Thursdays at 11 p.m.
Spike

1 out of 5 stars

The toughest thing about “Toughest Cowboy,” Spike’s new rodeo reality competition, is staying awake through an entire episode. The idea to take a sport that maxes out at 24 seconds and turn it into an hour-long program results in a show just as tedious as it sounds. And it doesn’t help that all 24 seconds look exactly the same.

“Toughest Cowboy” follows 12 real cowboys vying for one title. These 12 go on tour from town to town competing in three events: saddle bronc riding, bull riding and bareback bronc riding, each of which lasts eight seconds tops. The difference between these events appears only to be the animal being ridden. And while it may take a different set of skills to ride each animal, that doesn’t make the three events look at all disparate from one another. It’s just more of the same: cowboy moves forward, cowboy moves backward, cowboy’s hat falls off; rinse and repeat.

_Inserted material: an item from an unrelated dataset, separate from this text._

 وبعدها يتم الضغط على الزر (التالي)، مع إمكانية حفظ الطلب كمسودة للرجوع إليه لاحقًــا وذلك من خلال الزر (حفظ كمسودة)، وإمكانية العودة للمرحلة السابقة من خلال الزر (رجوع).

Another repetitive aspect is the use of the word “tough.” Sure, it’s in the name of the show, but someone really should have handed the judges a thesaurus. The overuse seems to stem from the fact that the producers needed to make the show less predictable, because it would be too obvious if the decisions were based solely on the rides. Encouraging the judges to look at the contestants’ physical and mental toughness (and using those words to describe it as many times as possible) opens up the opportunity to let people through based on how well they deal with failure as well as how much they succeed.

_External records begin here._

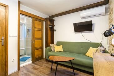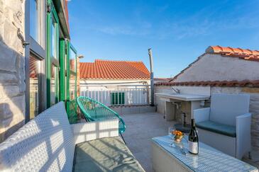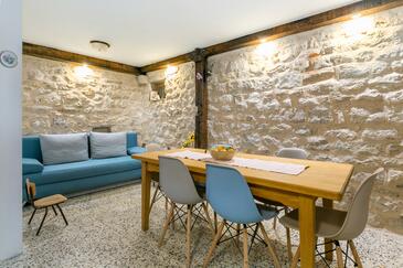 Haus bietet Platz für 6 Gäste. Die Betten sind in Schlafzimmern, die es 2 gibt, und in Esszimmer, innerhalb einer Gesamtfläche von 78m2, angeordnet. Die Gäste haben eine eigene Terrasse zur Verfügung, auf der sie in warmen Sommernächten genießen können. Räume der gebuchten Unterkunftseinheit werden nicht in eine Ganze verbunden. Unterkunftseinheit hat Räume, die von dem Rest der Einheit abgetrennt werden.
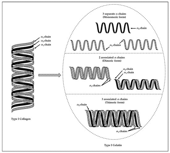 Gelatin is a natural protein polymer, derived from collagen through hydrolytic degradation involving the breakage of crosslinks between collagen polypeptide chains as well as a partial cleavage of polypeptide bonds [136,143]. Type I gelatin is derived from Type I collagen. The hydrolytic degradation of Type I collagen (which contains two identical α1-chains and one α2-chain) results in a gelatin mixture comprising either separate (i.e., dissociated) or linked (i.e., associated) α1- and α2-chains. Therefore, the produced Type I gelatin would be a heterogeneous product with several polypeptide chain combinations (Figure 8). These combinations comprise the monomeric form (three separate chains—two α1-chains and one α2-chain), the dimeric form (two chains covalently crosslinked or in dimeric form—either two α1-chains linked together or one α1-chain linked to one α2-chain), as well as the trimeric form (three covalently crosslinked chains—two α1-chains linked to one α2-chain) [138].
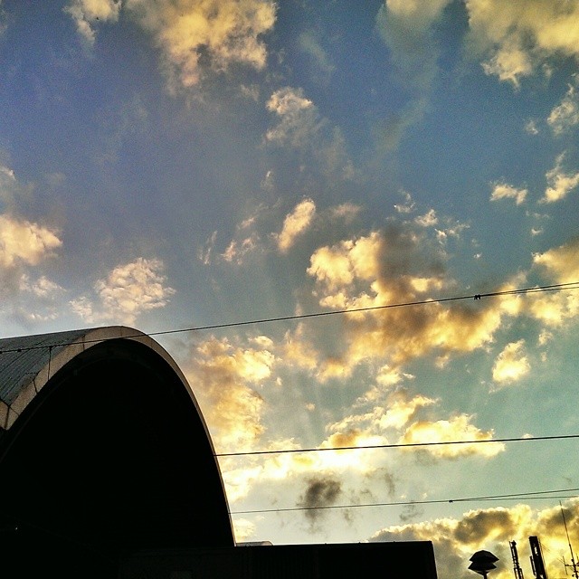 Lichtspiel mit goldenen Wolken am Hbf Mönchengladbach

The one redeeming quality of the show is its wonderful ability to cheer up the audience with the misfortune of others. Seeing a cowboy get bucked off an angry bull and fly through the air with massive hang-time is something that, unlike the rest of the show, never gets old. Still, when the cowboys are actually injured by these launches or the ensuing animal attacks, the tone quickly changes from amusing to somber, leaving the audience feeling guilty about their now-fading laughter.

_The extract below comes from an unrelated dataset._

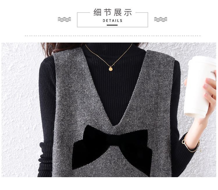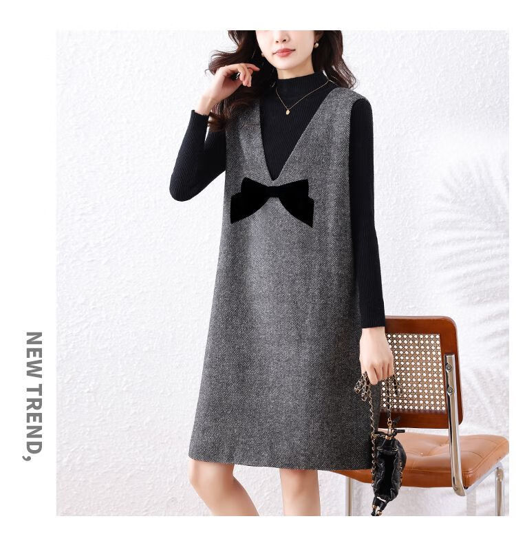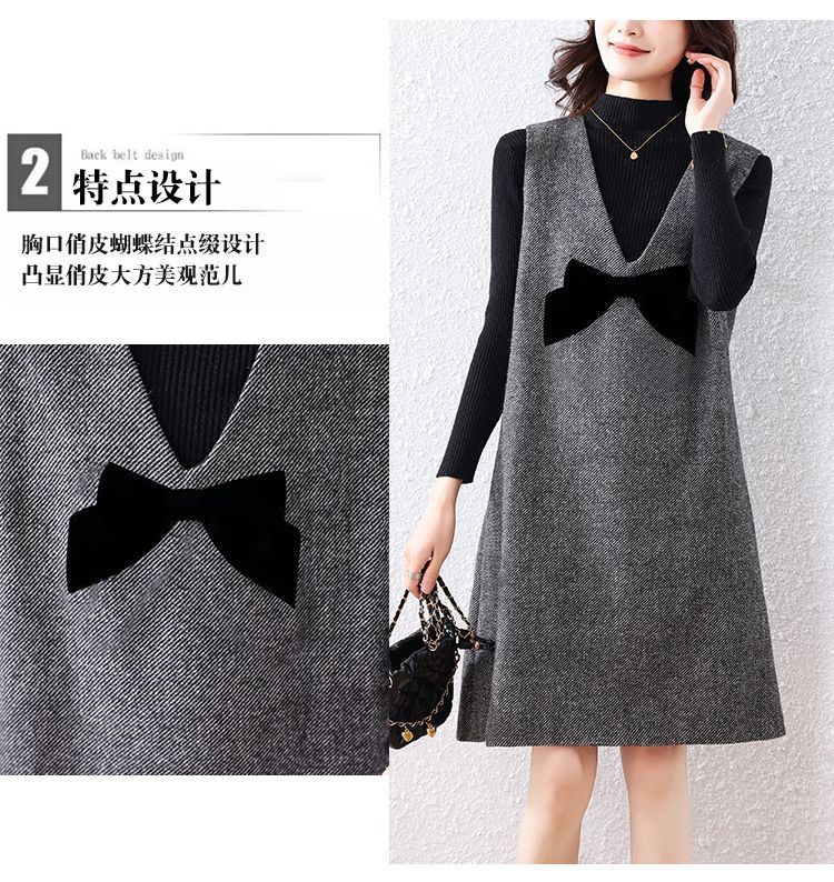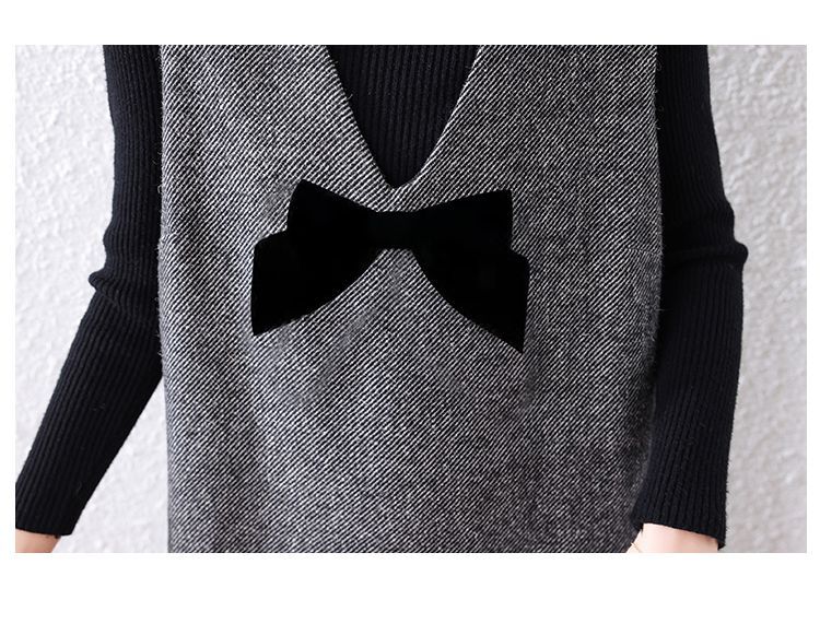 皮尔卡丹秋冬装新款气质大尺码女装两件套遮肚显瘦背心裙毛衣套装潮 图片色 (毛衣+背心裙) L 建议100-115斤

While these painful moments are legitimately grave, the rest of the show takes itself far too seriously without much to back it up. Even though the contestants keep talking about how important the competition is, they all go get drunk on the night between the two days of auditions, drinking plenty of prominently displayed Jägermeister, the main sponsor of the show, and hanging out with some Hooters-esque girls whose asses are the subject of more than one close-up. Surely a hangover is just the thing to make bull riding a breeze.

Yet another flaw is that, like the events they compete in, the cowboys themselves are somewhat indistinguishable from one another. Sure, each one has a slightly different history, but the stories tend to just blur together. The one exception is the Australian contestant who will probably become popular merely because he’s unique and has an accent that’s more pleasing than the rest of the group’s deep-southern twang. He also happens to be one of the most toughest men on the show — at least that’s what the judges kept saying over and over.

Well, with such a repetitive show there’s only so much to say about it without getting repetitive. It stretches what should take 24 seconds into an hour-long show, but the result doesn’t even have 24 seconds of total entertainment in it. Instead, “Toughest Cowboy” is an exercise in strategic napping, trying to wake up just in time to see someone get flown through the air before drifting back to sleep. Now that takes some mental toughness.